▶ [YOUR OBJECTIVE] All that is needed is the first stretch of the listing below, repeated exactly and ending with the line that contains "The first floor". Pictures are to be left out.

▶ [DATASET CONTENT]
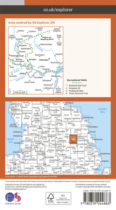 At the start of the Humber, OS Explorer Map 291 shows the Rivers Ouse and Trent, the town of Goole and the Surrounding area. Highlights include the Bubwith Rail Trail, Hoden 20 Recreational Path and the Trans Pennine Trail.
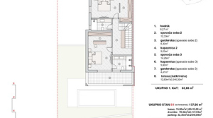 The first floor - 63,80 m2 - consists of a hallway, 2 bedrooms, 2 wardrobes, 2 bathrooms and a covered terrace of 12,60 m2.
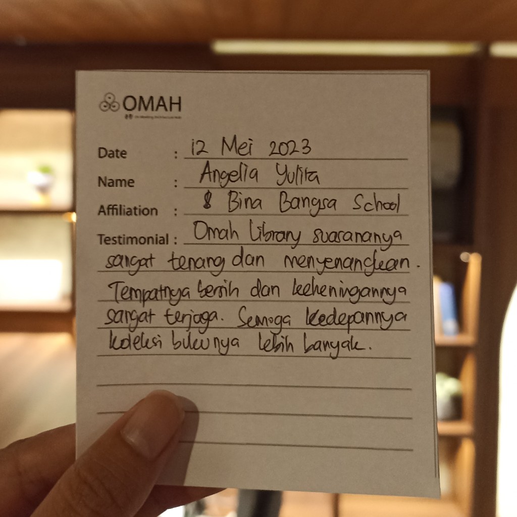 OMAH Library suasananya sangat tenang dan menyenangkan. Tempatnya bersih dan keheningannya sangat terjaga. Semoga kedepannya koleksi bukunya lebih banyak
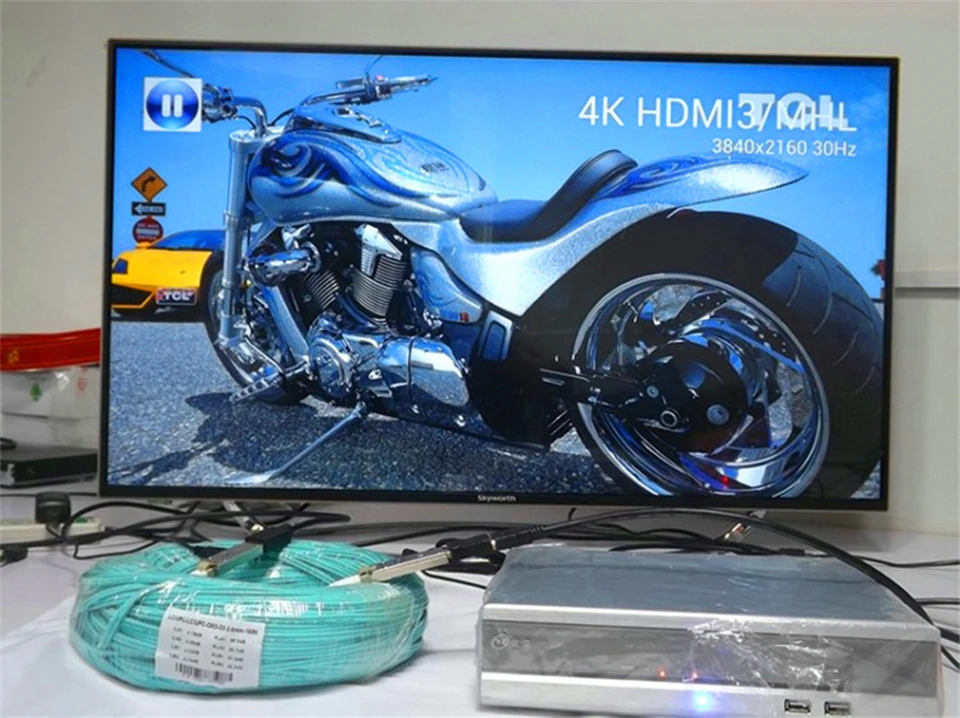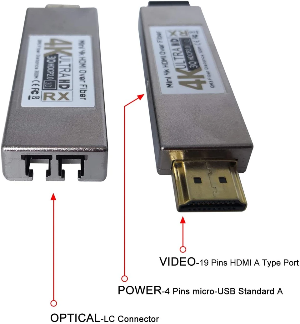 Los módulos ópticos HDMI están diseñados para admitir la transmisión de una señal HDMI 1.4A sin pérdidas sin comprimir a través de fibra óptica multimodo a 850nm, hasta una distancia de 300m, con una resolución de 4K x 2K @ 30HZ. Convierte una señal HDMI en un solo flujo de datos en serie de 10 Gb/s para la transmisión a través de dos fibras ópticas. Convierte de nuevo los datos seriales en una señal HDMI. Los transceptores cumplen con RoHS y no tienen plomo según los requisitos en Europa y China.

▶ [TASK RESULT]
 At the start of the Humber, OS Explorer Map 291 shows the Rivers Ouse and Trent, the town of Goole and the Surrounding area. Highlights include the Bubwith Rail Trail, Hoden 20 Recreational Path and the Trans Pennine Trail.
 The first floor - 63,80 m2 - consists of a hallway, 2 bedrooms, 2 wardrobes, 2 bathrooms and a covered terrace of 12,60 m2.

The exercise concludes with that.